These are some old logs in our campsite. You can see a bit of our tent in the background.
This plant is called mountain misery (Chamaebatia foliolosa). I don't know why it's called that, but our campsite was completely surrounded by this stuff on all sides - which, in retrospect, seems unfortunately appropriate. I actually picked out this campsite specifically because it was surrounded by mountain misery - since all the other campsites were surrounded by poison oak instead, and also had poison oak growing all over the ground in the middle of the campsites too. Ours had a bit of poison oak in the middle and a bit more around the edges, but much less than the others.

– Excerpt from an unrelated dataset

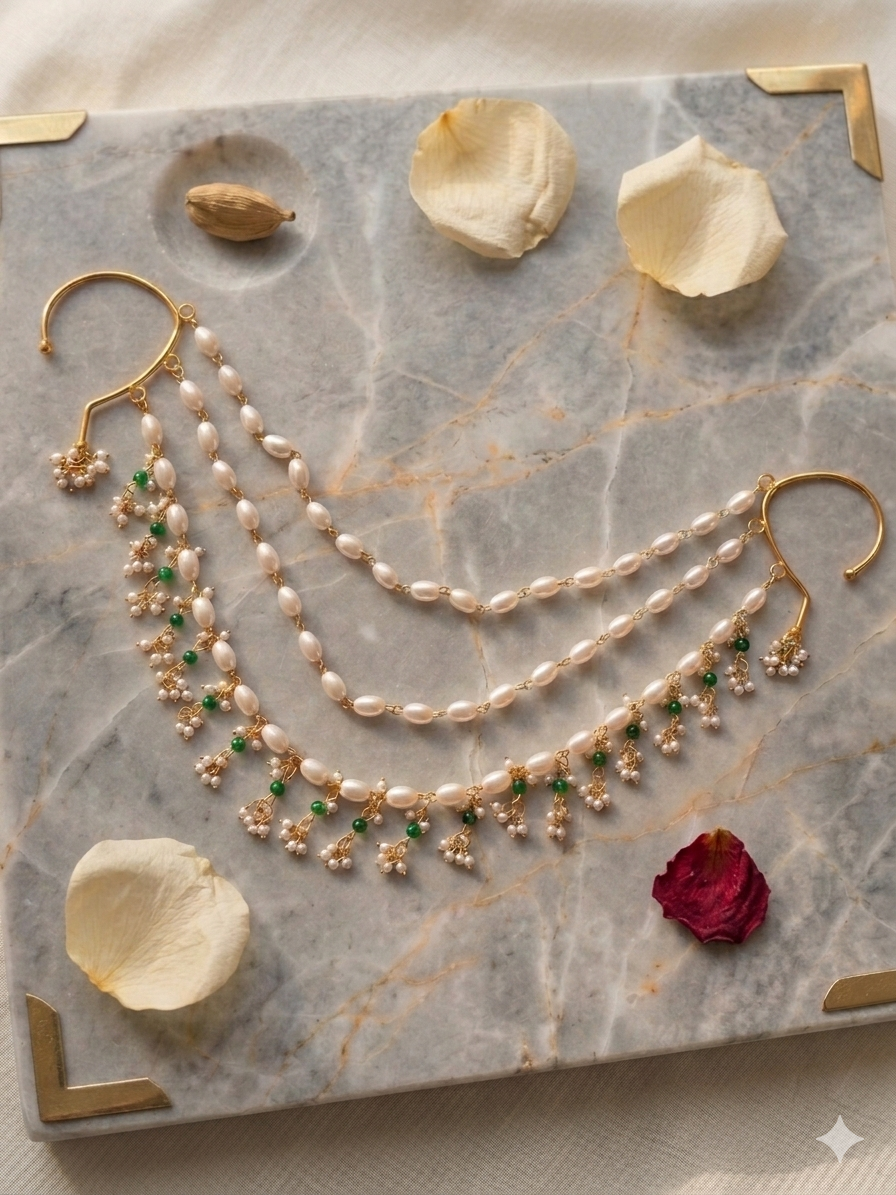 A statement kaan-chain that connects both ears with layered pearl strands and cute green-bead + moti jhumki drops. Gives full “shaadi guest / sangeet” energy instantly.

We had more mountain misery instead.
We also had many young madrone trees (Arbutus menziesii) in our campsite. I was trying to photograph this one (the shrub in the right foreground) when Boston decided that she wanted to pose next to it. The trees shown are redwood (Sequoia gigantea) at left, interior live oak (Quercus wislizenii) in the background, and Douglas-fir (Pseudotsuga menziesii) at right.
Even though it's a bit blurry, I really love this picture of Boston running gleefully through our campsite early Saturday morning. (That's a whole grove of young madrones she was running through.)

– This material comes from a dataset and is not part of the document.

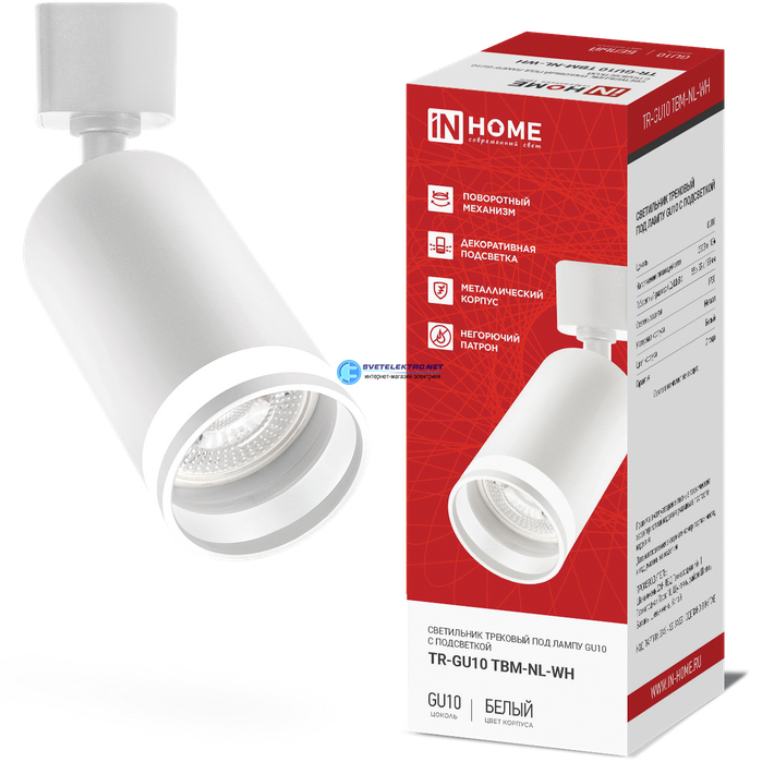 Светильник трековый TR-GU10 TBM-NL-WH под GU10 с подсветкой белый IN HOME 4690612059464 IN HOME

These are Mexican pinks (Silene laciniata) that I saw along the road when I took Boston for a walk on the trail Saturday morning, while Susan and Taco were napping in the tent.
This is the creek that the trail crossed over. This is also where I had to return to the campsite for new camera batteries.
This is the same creek, facing downstream instead. By this point I had come back with Susan, and we had left Taco behind.
These flowers are called Pacific bleeding heart (Dicentra formosa) - another eerily appropriate plant name. They were growing everywhere along the road to the campground, and I kept hoping to see them up close after we arrived. We finally found them along the trail. Shortly after we found them, we turned back the way we had come.
When we crossed back over that same creek, I noticed tiny shooting stars (Dodecatheon clevelandii) growing next to the creek. They were so tiny that it was impossible to get a good photograph of them. If you can see three pale lavender blurs on the end of a tall red stem toward the left . . . those are them.
While I was trying to photograph the shooting stars, Boston was posing expectantly in the creek.
Then we reached the start of the trail again and discovered that Taco was missing. We spent all afternoon searching for him, and much of the evening, so I took no more pictures that day.
On Sunday morning I suddenly noticed moose horn violets (Viola lobata) all along the road. I had walked past here many times before without noticing them.
We returned to the trailhead area to search for Taco one more time. This is the trailhead. The trail went up along that diagonal log in the distance and over the ridge. Taco followed us over the ridge, but hardly any farther than that at all.
This exposed cliff was across the road from the trailhead, in the direction of our campsite. The steepness and especially the total absence of vegetation on the sides of it indicate that it didn't erode that way naturally; it was damaged by hydraulic mining during the gold rush. Hydraulic mining methods poisoned cliffsides by concentrating toxic heavy metals, and hard-rock mining further poisoned them by using arsenic or mercury to leach gold from solid rock. As a result, no plants can grow in the poisoned areas.
This dead tree was down the road, behind the campsite of the last people who saw Taco. They said he went in this general direction.
So we went the same direction. Beyond the dead tree was a pile of mine tailings, further evidence of the lingering environmental destruction wrought by the Gold Rush.
Beyond the mine tailings was a pond surrounded by more dead trees. An old tire was floating in the pond.
It seemed like an appropriate place to die, surrounded by so much devastation.
Somewhere around here, Taco must have walked off into the underbrush and never come out again.
The last photograph I took was of the flowers growing near where Taco disappeared. These are buckbrush flowers (Ceanothus cuneatus).